Collaborer avec des LLM : où automatiser et où instaurer des garde-fous

La sécurité des LLM est devenue une question opérationnelle. Les modèles de langage s’intègrent aux opérations de sécurité, à la surveillance des fraudes et à l’ingénierie logicielle plus rapidement que les cadres destinés à les encadrer. Cet article examine les nouvelles surfaces d’attaque — de l’injection de prompt au dépassement du périmètre d’action des agents (agentic overreach) — et analyse ce que l’IA confidentielle, l’IA souveraine et l’IA digne de confiance peuvent réellement apporter.

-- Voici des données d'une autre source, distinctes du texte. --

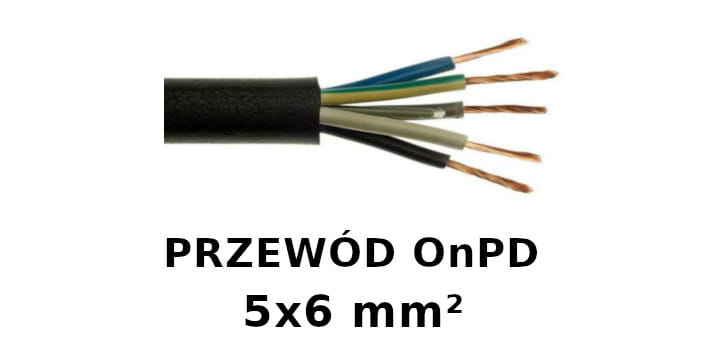 Oponowy przewód przemysłowy 5x6 mm². Kabel linka (OPD) jest stosowany do przenośnych oraz ruchomych odbiorników o dużym poborze mocy używanych w przemyśle i rolnictwie. Posiada bardzo dużą odporność na zgięcia, odkształcenia i przetarcia. Izolacja przewodu jest gumowa, a opona wzmocniona z gumy trudnopalnej i olejoodpornej.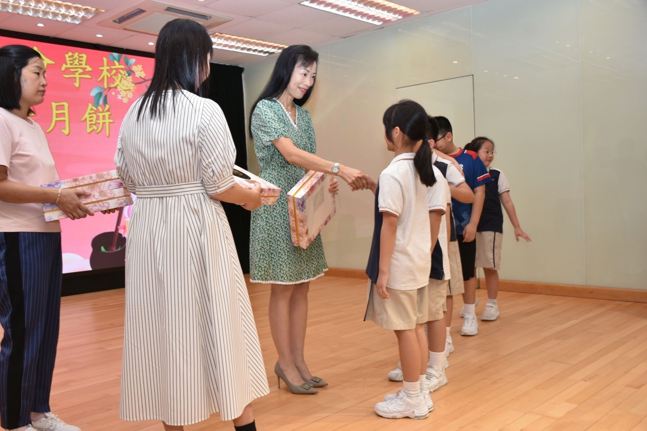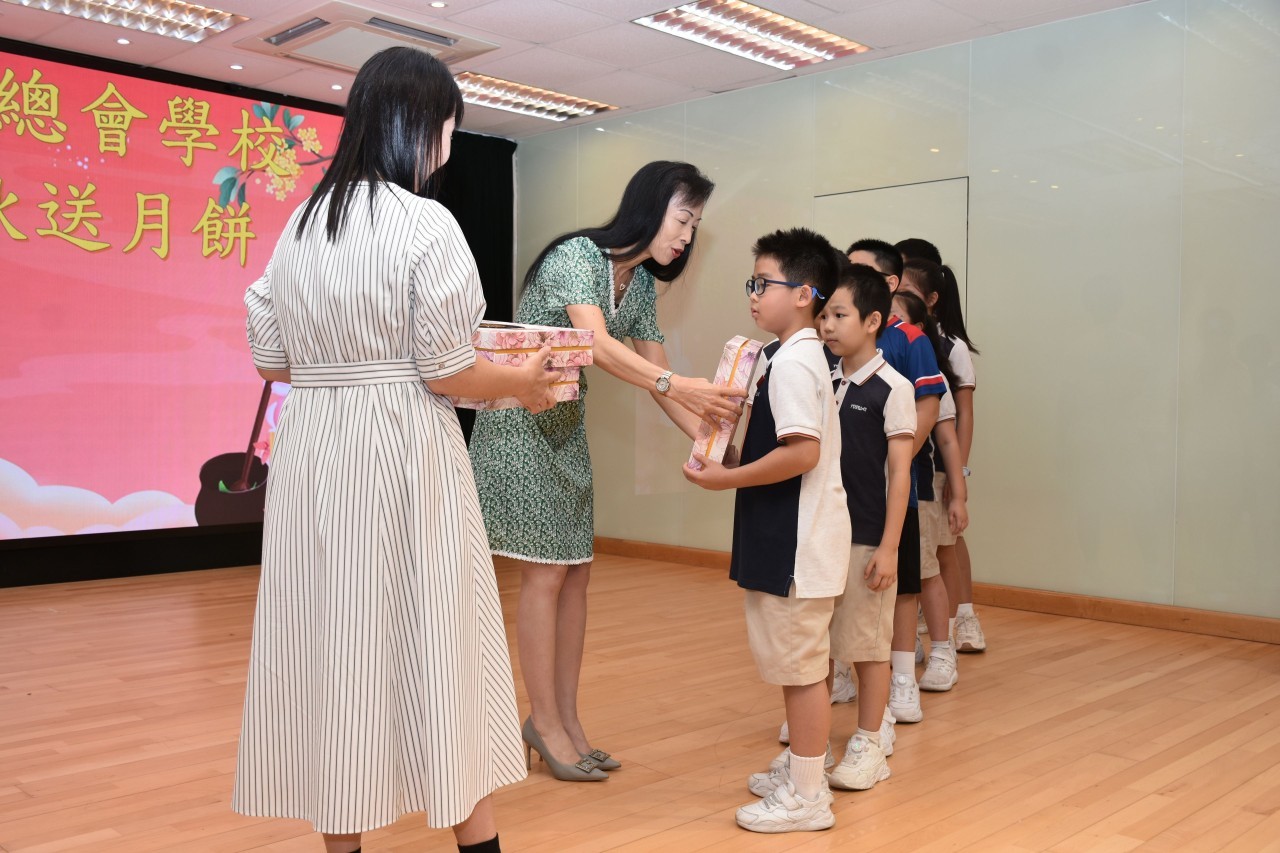2025-10-02 舉行日期:2025年10月2日活動名稱︰校友中秋送月餅行動 活動詳情︰每年中秋節,本校校友會創會主席陳幗芬女士不忘捐贈月餅給她的學弟學妹,以表達對他們的關愛。這些月餅由宗校長親自頒贈給各班班長,以鼓勵他們為同學服務。

Un schéma récurrent dans les récents reportages : un collaborateur demande conseil à un copilote d’intelligence artificielle dans le cadre d’une réponse à incident, le modèle formule avec assurance une recommandation erronée, et l’utilisateur humain la suit. Une telle erreur n’entraîne probablement pas de conséquences graves à chaque fois, mais dès qu’elle produit des dommages significatifs, elle fait immédiatement la une des médias. Amazon a relancé le débat sur l’utilisation responsable des agents d’IA générative à la suite d’une panne d’Amazon Web Services [1] ayant entraîné la perte de millions de transactions [2]. Parmi les causes identifiées figurait le fait que des agents d’IA avaient été autorisés à effectuer des modifications sur des systèmes de production sans validation humaine préalable. La base de données de production de McKinsey ainsi que sa plateforme interne d’intelligence artificielle Lilli ont été compromises par une attaque par injection de Magentic SQ [3], menée par CodeWall dans le cadre du programme public de divulgation responsable de vulnérabilités HackerOne de McKinsey [4].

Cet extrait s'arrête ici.